Dünya gündeminde Fransızlara karşı yürüttükleri
bağımsızlık savaşıyla belirginleşip siyasi belleğe
bu imajıyla yerleşen Cezayir, simdi ilginç bir
kaosun içinde..
Bir süre önce yaşanan seçimleri, islami Selamet
Cephesi -FİS- kazanmış ve bunun üzerine ordu yönetime
el koymuştu. Eğer buna bir ‘sonuç' denilebilirse
-ki pek öyle gözükmüyor- bu sonucu yaratan ya
da bütün bu gelişmeleri yaratan etkenler nelerdir?

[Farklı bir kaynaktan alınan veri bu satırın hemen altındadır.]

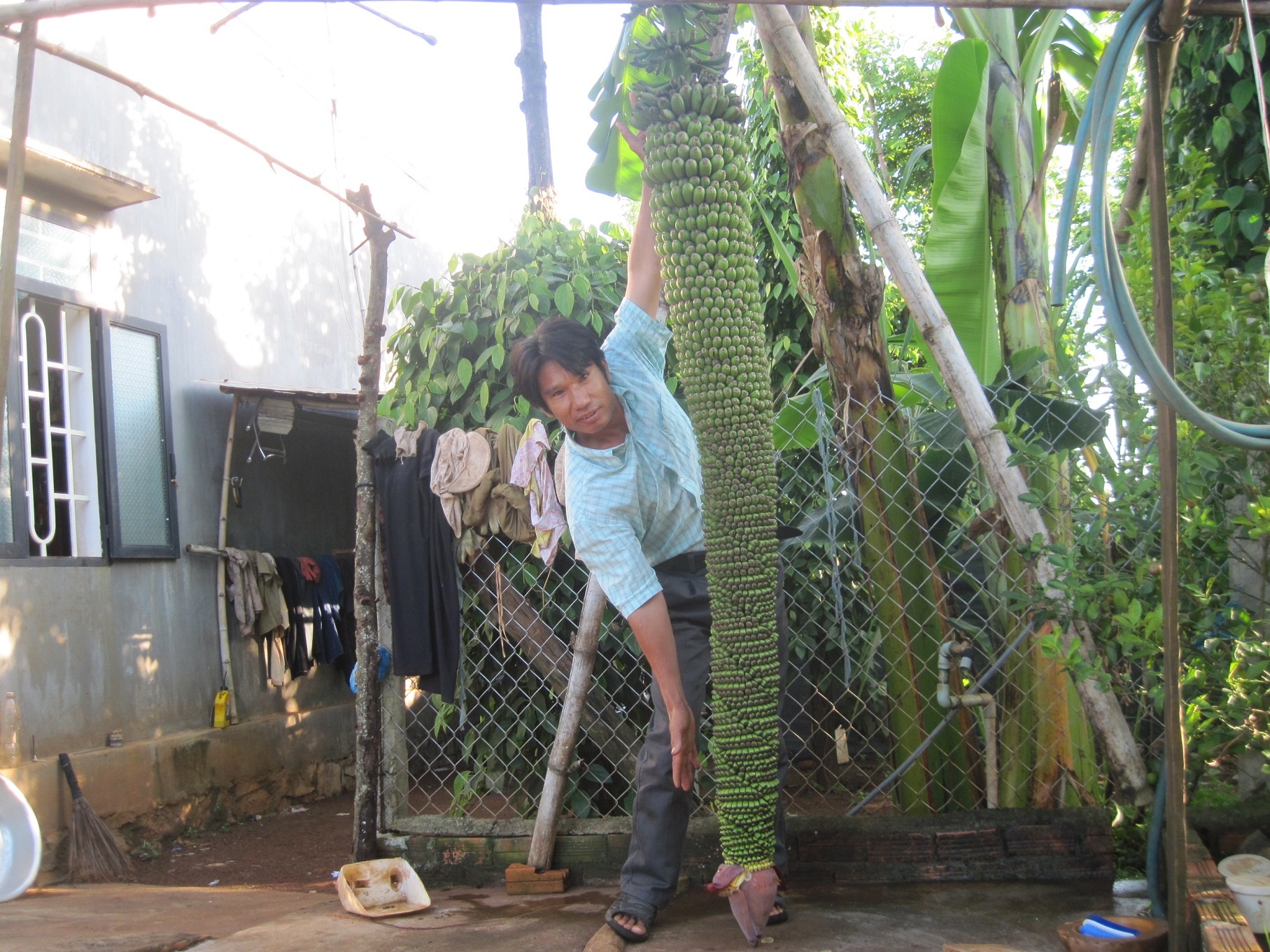 | Anh Trần Thanh Hải (ở thôn 4, xã Ea Kao, TP.Buôn Ma Thuột, Đắk Lắk) cho biết, đây là cây chuối được anh mua về trồng ở vườn nhà hơn 1 năm. Bốn tháng trước, cây chuối bắt đầu trổ bắp và ra quả. Hiện, buồng chuối dài khoảng 2 m và có hơn 150 nải. Mỗi nải có từ 16 trái trở lên. Kỳ lạ là cứ mỗi sớm mai thức dậy, buồng chuối lại có thêm 2 nải mới. |

Ve bu sonucun, klasik "demokrasi", "diktatörlük",
"genel seçim"' "İslamiyetin özellikleri"
gibi tanımlamalarla herhangi bir tek boyutta ve
özellikle sadece Cezayir'e ilişkin çelişkilerin
sınırlılığı içinde açıklanabilmesi mümkün mü?
Emperyalizm, reel sosyalist ülkelerin çözülüş
sürecinde kazandığı ekonomik ve siyasal avantajları,
Körfez Krizi'ni Irak Askeri zaferiyle sonuçlandırmak
suretiyle pekiştirince, büyük bir zevkle yeni
dünya düzenini yaratmaya soyundu. Bu, emperyalizmin
çıktığı ilk yeni dünya düzeni kurma seferi değildi
ama doğrusu bu kez çok büyük avantajlarla işe
girişiyordu.
Şimdi artık dünyada ne bir sosyalist sistem vardı,
ki onunla oluşturmak zorunda kalacağı dengeler
için adımlarını hesaplasın, ne bir askeri denge
vardı ki bu konudaki stratejilerinde ikilemler
yaşasın... Sorun, dünya halklarının tepkisi ise;
sosyalizmin sarsılan prestiji, tarihin o anında,
"En Büyük Amerika, Başkomutanı Bush"
filmi çekildiği için hesaplanması gereken bir
veri değildi. Yıldızlar Savaşında parlayan star
gösterimi, medya dünyasının bütün sosyal ve psikolojik
koşullarına denk düşüyordu.
Ne var ki burada büyük emperyalizmin büyük hesaplarının
bir ufacık elektrik kaçağı vardı, işte bu kaçak;
filmin bir karesini tarih kanalından hızla akıtacaktı
ve imgeler yerini gerçeklere terketmek zorunda
kalacaktı. (Kalacak!)
Emperyalizm, cidden önemli kazanımlar elde etse
ve başarılı geçici programlar yapabilse de bu
şansını uzun süreçlere yayabilme olanaklarına
sahip değildir. Çağ, emperyalizmin olağanüstü
zorlamalarının ama halkların da olağanüstü gelişiminin
çağıdır. Ve bu gelişmenin önünde hiçbir barikat
uzun süre dayanamaz.
Emperyalizmin beslediği çelişkiler, bütün pırıltılı
avantajlarıyla koşar adım çıktığı dünyayı yeniden
yapılandırma yürüyüşünde ayağına takılan ilk taşlar
oldu.
Yanılgının özü daha önceki süreçte devletler düzeyinde
cereyan eden politika verilerinin, yeni süreç
için de ülkeler düzeyinde hesaplanması idi. Sözgelimi,
çöken ve biten, Sovyetler Birliği'nin bürokratik
mekanizmasıydı. Sosyalizmin ve halkların gerçek
çelişkileri değil! Sovyetler düzeyinde devleti
yanına alan emperyalizm, Gorbaçov ve Yeltsin’le
kucaklaşırken, dağılan eski Sovyet halklarıyla
yeniden karşı karşıya gelme sürecine giriyordu.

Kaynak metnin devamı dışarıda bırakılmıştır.